Roger Ebert in Life Itself (2014)


(director: Steve James; screenwriter: inspired by the memoir Life Itself by Roger Ebert; cinematographer: Dana Kupper; editors: Steve James/David E. Simpson; music: Joshua Abrams; cast: Werner Herzog, Richard Corliss, Errol Morris, A. O. Scott, Chaz Ebert, Roger Ebert, Martin Scorsese; Runtime: 120; MPAA Rating: R; producers: Zak Piper/Steve James/Garrett Basch; Magnolia Pictires; 2014)
“A lively thumbs up documentary on America’s most popular, intelligent and influential modern-day movie critic.”

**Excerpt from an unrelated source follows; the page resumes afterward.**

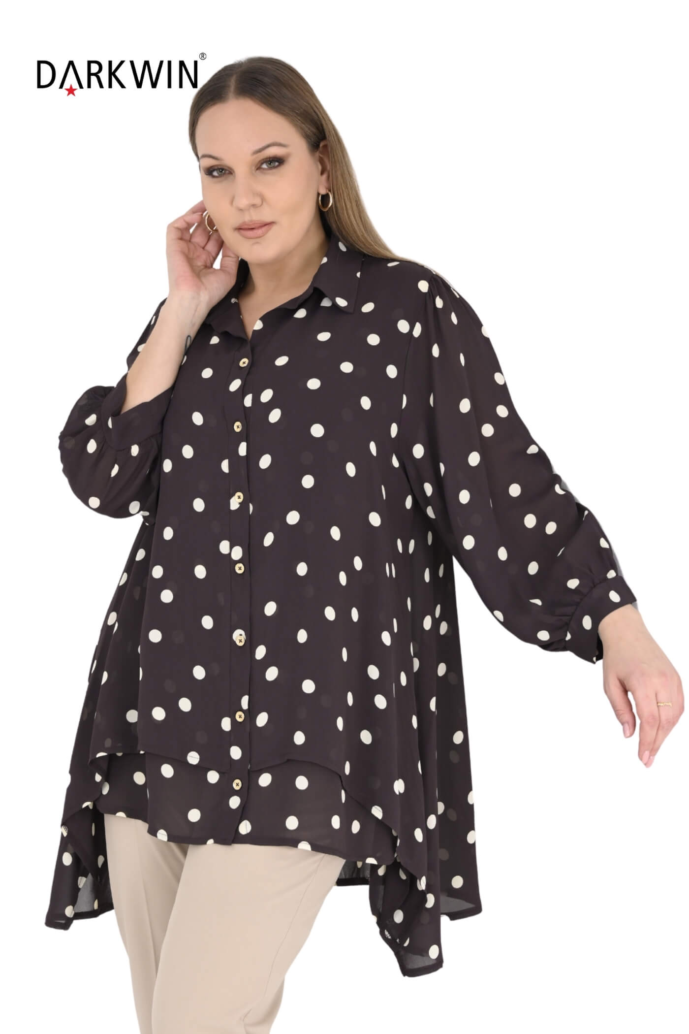 B3924 DARKWIN GÖMLEK KAHVE-BEYAZ
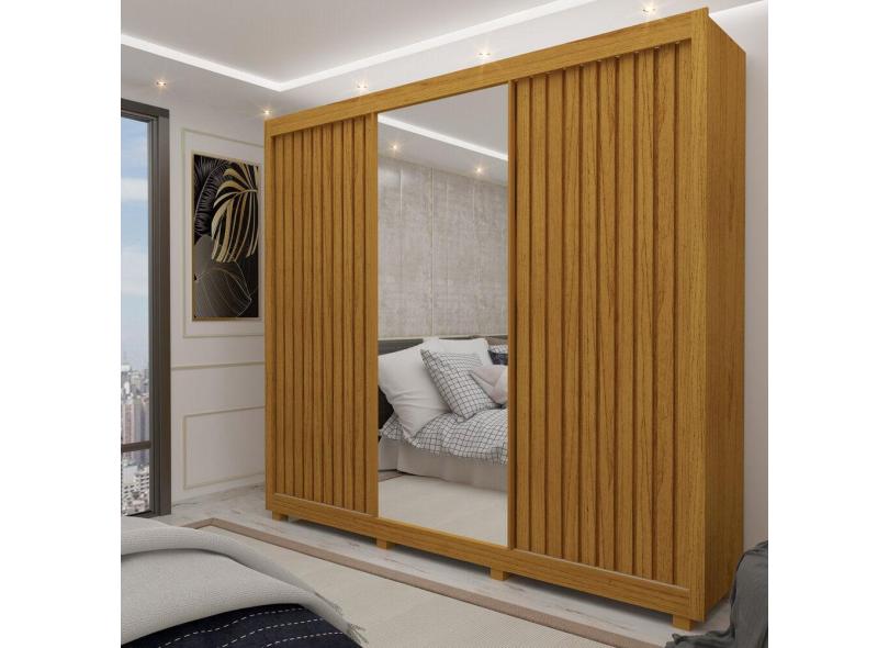 Guarda Roupa Casal Ripado Espelho Com Pés Royale Naturale - Gelius

Reviewed by Dennis Schwartz

It’s inspired by the memoir Life Itself by Roger Ebert. Life Itself is a lively thumbs up documentary on America’s most popular, intelligent and influential modern-day movie critic. Steve James(“Hoop Dreams”/”Reel Paradise”/”Stevie”) gives the heartfelt film plenty of heart in his warm direction and perceptive unsentimental depiction of the acclaimed movie lover critic. After a battle with thyroid cancer, a wheelchair-bound and often hospitalized disfigured (loss of jaw) and unable to talk or eat without a feeding tube Roger Ebert, takes comfort in the love from his adoring wife and filmmaker pals. Roger passed away at age 71, in 2013. The hospital footage of Roger looking so sickly was not an easy watch, as one can only reflect on his courage and admire him for continuing to work in such discomfort.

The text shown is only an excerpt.